AYAs had higher rates of cHL and PMBCL whereas OAs presented more frequently with DLBCL. AYAs with cHL and PMBCL had higher rates of early-stage and low-risk disease than OAs. In contrast, both AYAs and OAs were more likely to present with advanced-stage DLBCL and BL. AYAs with cHL were more likely to be treated with BEACOPP as compared to OAs who were more commonly treated with ABVD. There was no significant difference in treatment regimens for DLBCL, PMBCL or BL between AYAs and OAs. AYAs with cHL had better overall survival (OS) compared to OAs; specifically, cHL AYAs had better OS and DLBCL AYAs had better progression-free survival (PFS) and OS compared to OAs.

Conclusion

The study provides valuable data on patient and disease characteristics, treatments used and outcomes in AYA compared to OA aged 40–60 years. Registry data such as from LaRDR can help improve treatment standardisation and AYA patient outcomes.

Trial Registration

The authors have confirmed clinical trial registration is not needed for this submission

Abstract Image

青少年和年轻人淋巴瘤(AYA)的真实世界数据——来自淋巴瘤和相关疾病登记处(LaRDR)的报告。
淋巴瘤是青少年和青壮年(AYAs)中常见的恶性肿瘤,通常定义为15-39岁。

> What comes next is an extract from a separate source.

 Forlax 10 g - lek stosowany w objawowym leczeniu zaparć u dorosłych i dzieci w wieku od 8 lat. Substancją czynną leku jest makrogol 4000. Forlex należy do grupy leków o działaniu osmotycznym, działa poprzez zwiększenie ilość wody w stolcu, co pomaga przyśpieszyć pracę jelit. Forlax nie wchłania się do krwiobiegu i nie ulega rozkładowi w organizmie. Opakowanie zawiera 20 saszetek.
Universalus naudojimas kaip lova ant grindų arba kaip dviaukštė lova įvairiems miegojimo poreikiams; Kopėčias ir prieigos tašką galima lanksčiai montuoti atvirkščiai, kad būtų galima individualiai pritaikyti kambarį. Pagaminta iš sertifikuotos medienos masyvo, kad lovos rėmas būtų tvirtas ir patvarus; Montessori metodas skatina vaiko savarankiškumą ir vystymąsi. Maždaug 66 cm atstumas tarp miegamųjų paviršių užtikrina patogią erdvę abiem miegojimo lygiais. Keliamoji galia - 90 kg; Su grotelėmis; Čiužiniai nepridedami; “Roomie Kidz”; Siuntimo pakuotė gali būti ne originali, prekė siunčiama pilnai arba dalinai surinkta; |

相对于其他年龄组,AYAs患者的淋巴瘤仍未得到充分研究,治疗方案也不尽相同。方法:我们对2016年1月至2023年4月期间在澳大利亚淋巴瘤和相关疾病登记处(LaRDR)中新诊断为AYAs常见淋巴瘤亚型的18-60岁患者进行了回顾性研究。亚型有典型霍奇金淋巴瘤(cHL)、弥漫性大b细胞淋巴瘤(DLBCL)、原发性纵隔b细胞淋巴瘤(PMBCL)和伯基特淋巴瘤(BL)。收集患者人口统计学、疾病特征、治疗和结局数据,并对18-39岁的青少年(aya)和40-60岁的老年人(oa)进行比较。结果:AYAs的cHL和PMBCL发生率较高,而OAs的DLBCL发生率较高。合并cHL和PMBCL的aya患者的早期和低风险发生率高于oa患者。相比之下,AYAs和OAs更有可能出现晚期DLBCL和BL。与更常接受ABVD治疗的OAs相比,患有cHL的AYAs更有可能接受BEACOPP治疗。在AYAs和OAs之间,DLBCL、PMBCL或BL的治疗方案无显著差异。AYAs合并cHL的总生存期(OS)优于OAs;具体而言,与oa相比,cHL AYAs具有更好的OS, DLBCL AYAs具有更好的无进展生存期(PFS)和OS。结论:该研究为40-60岁的OA患者和疾病特征、治疗方法和结果提供了有价值的数据。来自LaRDR等注册数据可以帮助改善治疗标准化和AYA患者的预后。试验注册:作者已确认本次提交不需要临床试验注册。
本文章由计算机程序翻译,如有差异,请以英文原文为准。